* WORK ORDER
Would you return the listing exactly as written, apart from its pictures?

* SOURCE DATA
= = =

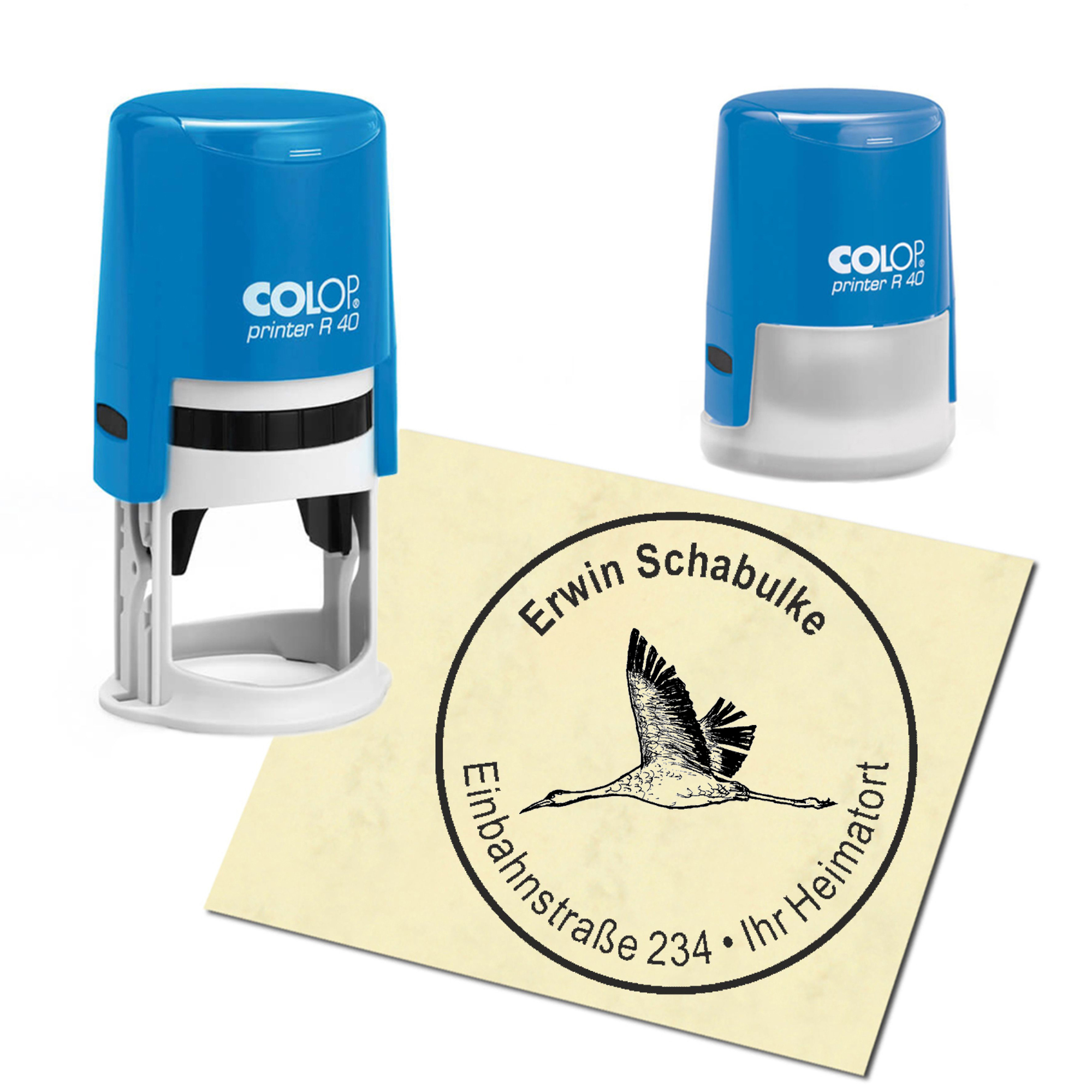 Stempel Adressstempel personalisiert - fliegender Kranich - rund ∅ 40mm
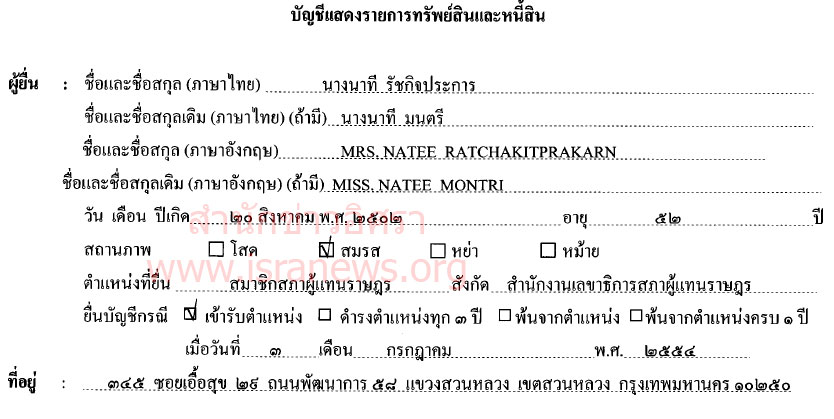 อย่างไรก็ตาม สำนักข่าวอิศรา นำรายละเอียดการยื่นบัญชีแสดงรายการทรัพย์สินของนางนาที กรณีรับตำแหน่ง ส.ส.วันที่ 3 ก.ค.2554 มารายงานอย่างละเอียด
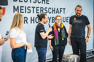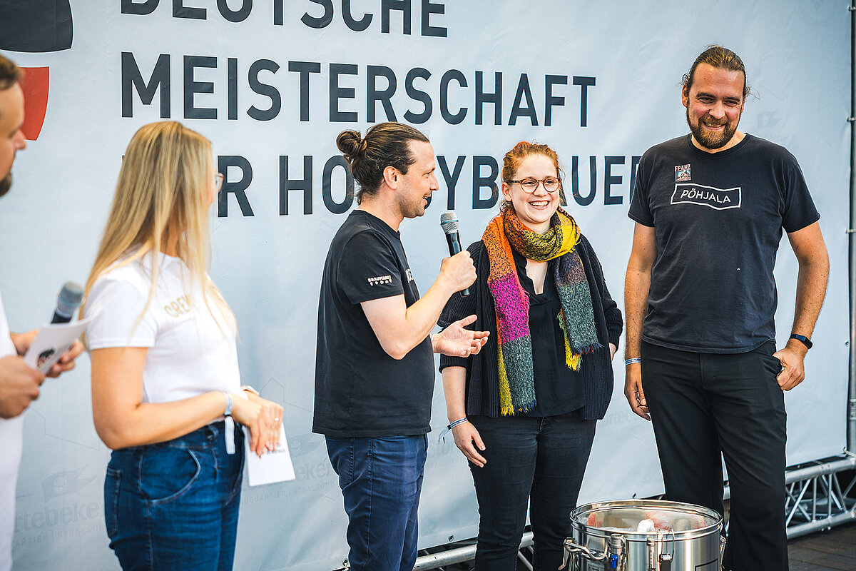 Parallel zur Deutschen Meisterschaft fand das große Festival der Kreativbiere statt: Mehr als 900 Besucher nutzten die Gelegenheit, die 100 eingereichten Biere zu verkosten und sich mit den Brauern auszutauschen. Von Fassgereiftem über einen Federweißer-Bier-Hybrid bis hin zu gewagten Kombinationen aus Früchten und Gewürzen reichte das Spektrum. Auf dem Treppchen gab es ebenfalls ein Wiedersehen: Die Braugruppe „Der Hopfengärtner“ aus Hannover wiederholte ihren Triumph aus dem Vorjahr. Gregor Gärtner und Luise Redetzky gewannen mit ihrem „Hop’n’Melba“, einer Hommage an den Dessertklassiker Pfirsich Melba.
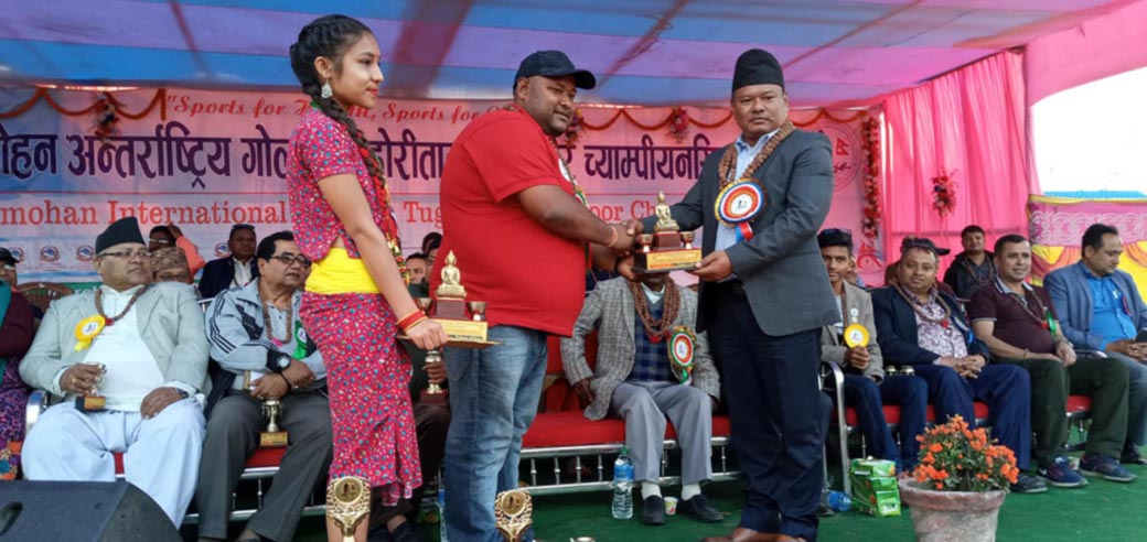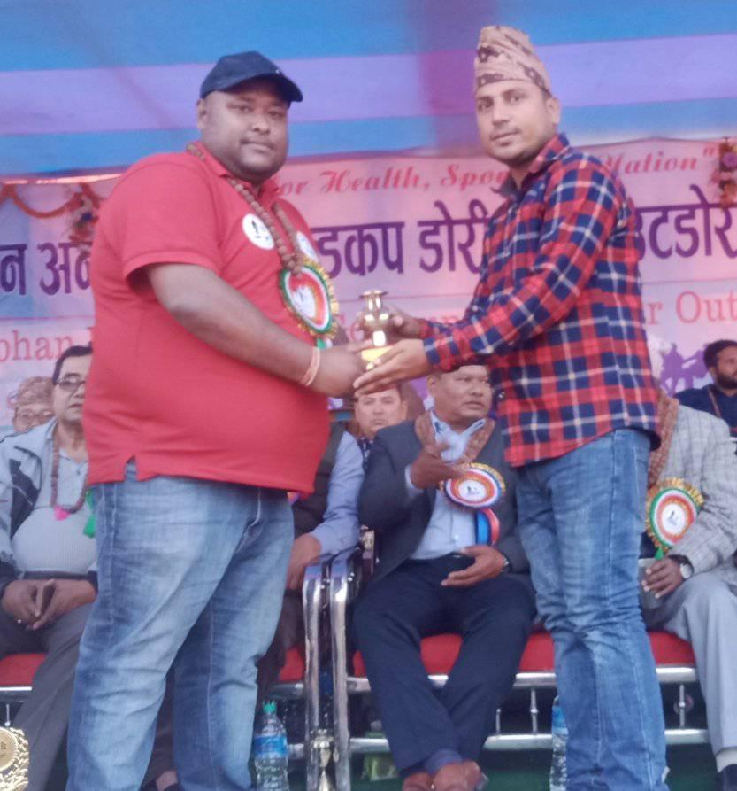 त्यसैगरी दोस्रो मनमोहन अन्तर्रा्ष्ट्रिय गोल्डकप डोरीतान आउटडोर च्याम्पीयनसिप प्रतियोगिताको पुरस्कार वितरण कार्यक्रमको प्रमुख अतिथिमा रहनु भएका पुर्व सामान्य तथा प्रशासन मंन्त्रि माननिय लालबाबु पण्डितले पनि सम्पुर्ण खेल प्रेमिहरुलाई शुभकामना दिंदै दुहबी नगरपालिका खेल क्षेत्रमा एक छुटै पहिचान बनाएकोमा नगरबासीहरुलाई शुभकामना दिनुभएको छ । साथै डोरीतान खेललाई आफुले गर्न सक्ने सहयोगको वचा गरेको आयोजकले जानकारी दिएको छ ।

= = =

* EXPECTED OUTPUT
 Stempel Adressstempel personalisiert - fliegender Kranich - rund ∅ 40mm
 อย่างไรก็ตาม สำนักข่าวอิศรา นำรายละเอียดการยื่นบัญชีแสดงรายการทรัพย์สินของนางนาที กรณีรับตำแหน่ง ส.ส.วันที่ 3 ก.ค.2554 มารายงานอย่างละเอียด
 Parallel zur Deutschen Meisterschaft fand das große Festival der Kreativbiere statt: Mehr als 900 Besucher nutzten die Gelegenheit, die 100 eingereichten Biere zu verkosten und sich mit den Brauern auszutauschen. Von Fassgereiftem über einen Federweißer-Bier-Hybrid bis hin zu gewagten Kombinationen aus Früchten und Gewürzen reichte das Spektrum. Auf dem Treppchen gab es ebenfalls ein Wiedersehen: Die Braugruppe „Der Hopfengärtner“ aus Hannover wiederholte ihren Triumph aus dem Vorjahr. Gregor Gärtner und Luise Redetzky gewannen mit ihrem „Hop’n’Melba“, einer Hommage an den Dessertklassiker Pfirsich Melba.
 त्यसैगरी दोस्रो मनमोहन अन्तर्रा्ष्ट्रिय गोल्डकप डोरीतान आउटडोर च्याम्पीयनसिप प्रतियोगिताको पुरस्कार वितरण कार्यक्रमको प्रमुख अतिथिमा रहनु भएका पुर्व सामान्य तथा प्रशासन मंन्त्रि माननिय लालबाबु पण्डितले पनि सम्पुर्ण खेल प्रेमिहरुलाई शुभकामना दिंदै दुहबी नगरपालिका खेल क्षेत्रमा एक छुटै पहिचान बनाएकोमा नगरबासीहरुलाई शुभकामना दिनुभएको छ । साथै डोरीतान खेललाई आफुले गर्न सक्ने सहयोगको वचा गरेको आयोजकले जानकारी दिएको छ ।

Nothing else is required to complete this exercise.